Home prices are expected to end 2013 up nearly 7% year-over-year before slowing down considerably through 2018. The 108 survey respondents are predicting appreciation rates to be about 4% in 2014, and eventually fall to 3.4% in five years.
National home values could exceed their May 2007 peak by the first quarter of 2018, the survey says based on current expectations for home price appreciation, as well as surpass the $200,000 threshold by the end of that same year.
“The housing market has seen a period of unsustainable, breakneck appreciation, and some cooling off is both welcome and expected,” said Stan Humphries, chief economist for Zillow. “Rising mortgage rates, diminished investor demand and slowly rising inventory will all contribute to the slowdown of appreciation.”

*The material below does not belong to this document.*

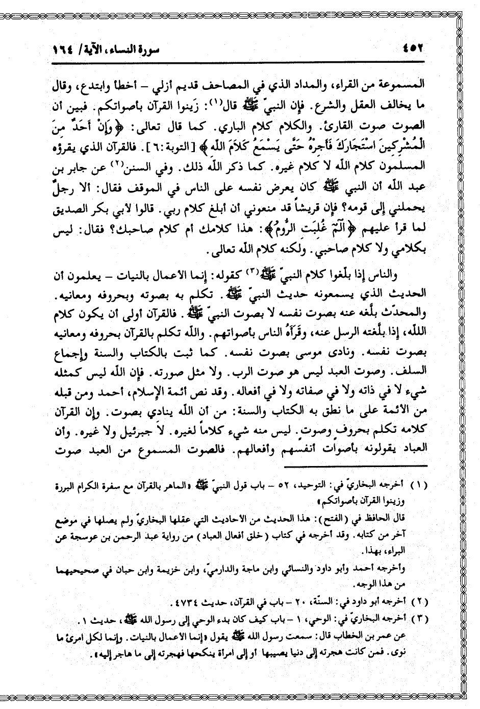 والمحدّث بلّغه عنه بصوت نفسه لا بصوت النبيّ صلى الله عليه وسلم. فالقرآن أولى أن يكون كلام الله، إذا بلّغته الرسل عنه، وقرأه الناس بأصواتهم. والله تكلم بالقرآن بحروفه ومعانيه بصوت نفسه. ونادى موسى بصوت نفسه. كما ثبت بالكتاب والسنة وإجماع السلف. وصوت العبد ليس هو صوت الرب. ولا مثل صورته. فإن الله ليس كمثله شيء لا في ذاته ولا في صفاته ولا في أفعاله. وقد نص أئمة الإسلام، أحمد ومن قبله من الأئمة على ما نطق به الكتاب والسنة: من أن الله ينادي بصوت. وإن القرآن كلامه تكلم بحروف وصوت. ليس منه شيء كلاما لغيره. لا جبرئيل ولا غيره. وأن العباد يقولونه بأصوات أنفسهم وأفعالهم. فالصوت المسموع من العبد صوت
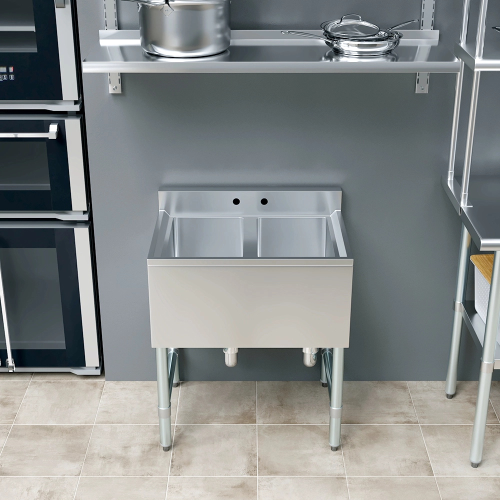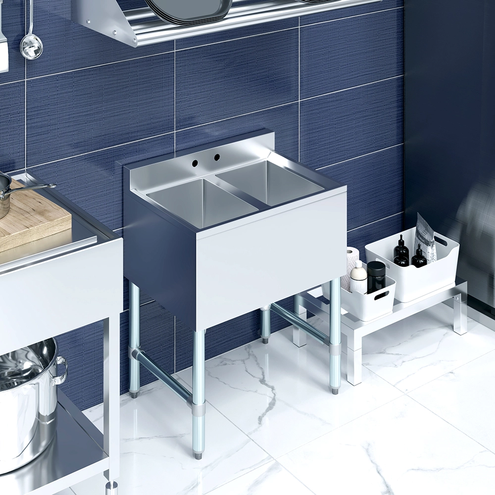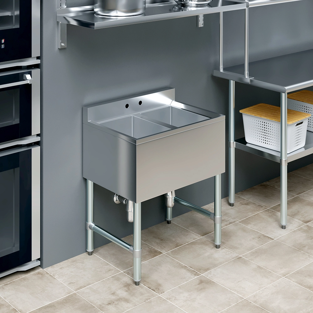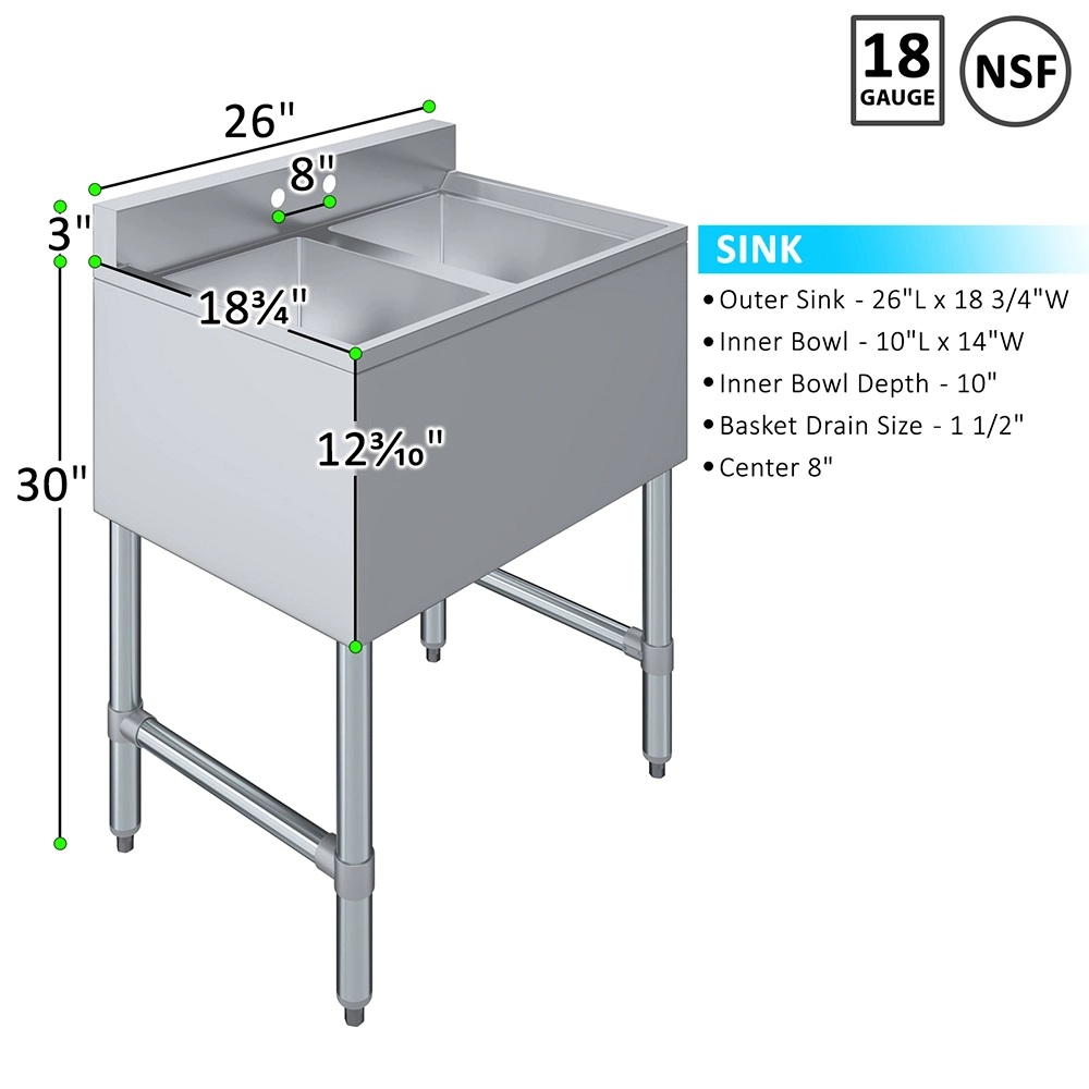 The 26 1/2 in. x 19 in. Two Compartment Underbar Sink is a space-saving and highly functional solution designed for commercial bars, restaurants, and beverage service areas. Constructed from durable, 20GA/304 stainless steel, this sink is built to withstand the demands of high-volume environments while remaining easy to clean and maintain. Its sleek, compact design fits neatly under the bar, making it ideal for tight spaces where efficiency is key.

Most panelists (58%) also said they would like to see the federal government maintain a considerable role in the mortgage market. Only 8% of those surveyed said the government should have a “non-existent” role in the conforming market.
The federal government accounted for 50% of all new mortgage originations at the beginning of the 21st century, but now backs approximately 90%, says Terry Loebs, founder of Pulsenomics LLC, an independent research and consulting firm that conducted the home expectations survey on behalf of Zillow.
Survey respondents said they would like to see the government support 35% of mortgage loans going forward, which is roughly the level that was seen in 2006.
“Policy discussions centered on reforming the nation’s housing finance system have only just begun,” Humphries said. “How much mortgages will end up costing average consumers, and the continued availability of traditional mortgage products like the 30-year fixed rate mortgage, are among the critical issues currently at stake for consumers in these debates.”